» RECORDS TO PROCESS
--*--
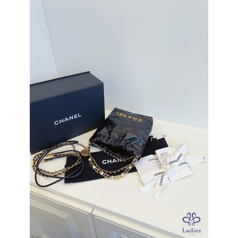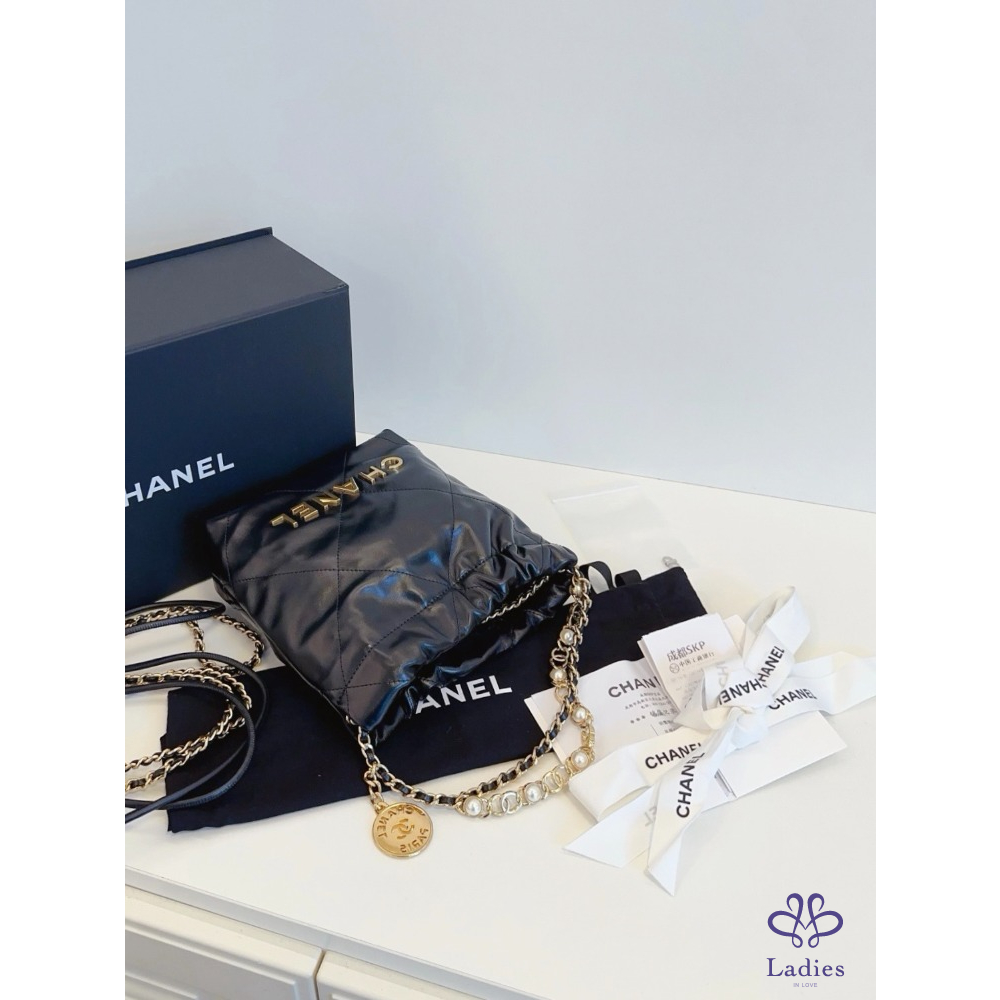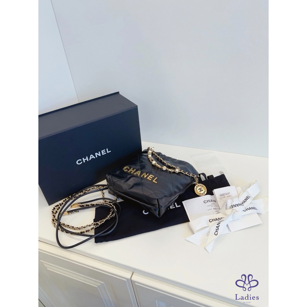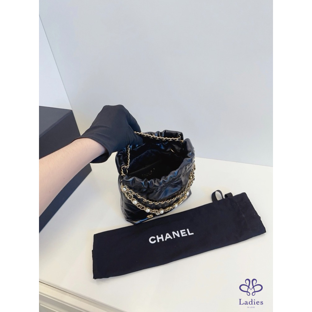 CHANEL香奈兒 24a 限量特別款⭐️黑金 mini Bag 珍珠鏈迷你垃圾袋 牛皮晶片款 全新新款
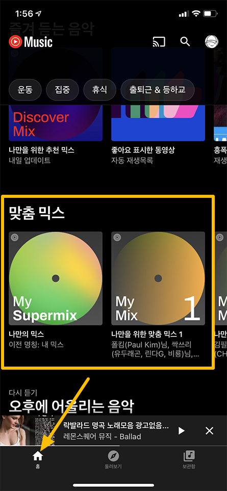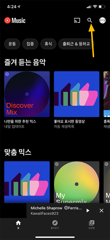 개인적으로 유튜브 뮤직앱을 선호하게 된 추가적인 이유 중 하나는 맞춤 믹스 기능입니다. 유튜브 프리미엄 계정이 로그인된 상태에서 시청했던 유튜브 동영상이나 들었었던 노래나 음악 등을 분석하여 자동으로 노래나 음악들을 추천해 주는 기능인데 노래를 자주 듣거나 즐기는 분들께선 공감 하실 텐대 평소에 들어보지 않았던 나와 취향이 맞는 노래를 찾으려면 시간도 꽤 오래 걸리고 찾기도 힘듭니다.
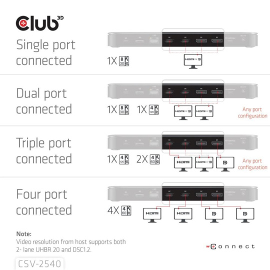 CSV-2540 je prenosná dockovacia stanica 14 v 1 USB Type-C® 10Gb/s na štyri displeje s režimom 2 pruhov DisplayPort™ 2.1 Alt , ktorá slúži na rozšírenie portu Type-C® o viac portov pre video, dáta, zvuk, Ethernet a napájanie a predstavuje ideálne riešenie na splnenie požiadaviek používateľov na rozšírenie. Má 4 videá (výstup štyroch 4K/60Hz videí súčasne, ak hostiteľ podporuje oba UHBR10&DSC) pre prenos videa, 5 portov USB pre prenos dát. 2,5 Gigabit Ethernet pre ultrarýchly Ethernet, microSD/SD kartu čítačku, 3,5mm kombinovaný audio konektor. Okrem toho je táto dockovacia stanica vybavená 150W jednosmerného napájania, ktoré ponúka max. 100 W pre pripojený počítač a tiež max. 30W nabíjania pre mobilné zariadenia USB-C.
--*--
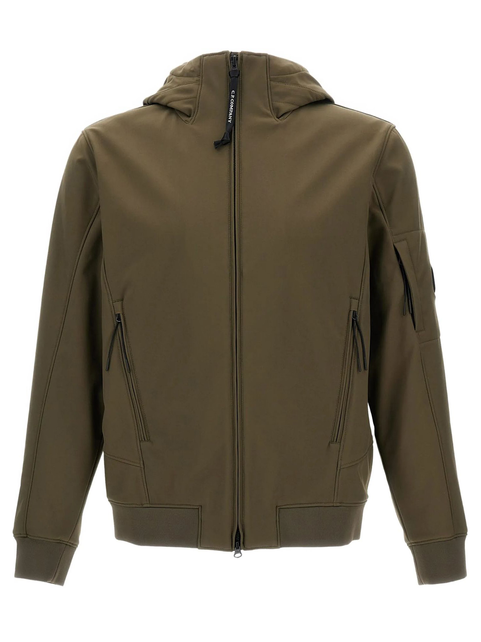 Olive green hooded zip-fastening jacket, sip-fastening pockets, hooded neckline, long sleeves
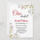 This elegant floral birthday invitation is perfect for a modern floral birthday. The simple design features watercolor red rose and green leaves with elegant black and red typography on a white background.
--*--
» WHAT YOU NEED TO DO
Reproduce, word for word, everything in the listing above from the line containing "Olive green hooded" down to the line containing "This elegant floral", both of them included. No pictures.

» WRITTEN ANSWER
 Olive green hooded zip-fastening jacket, sip-fastening pockets, hooded neckline, long sleeves
 This elegant floral birthday invitation is perfect for a modern floral birthday. The simple design features watercolor red rose and green leaves with elegant black and red typography on a white background.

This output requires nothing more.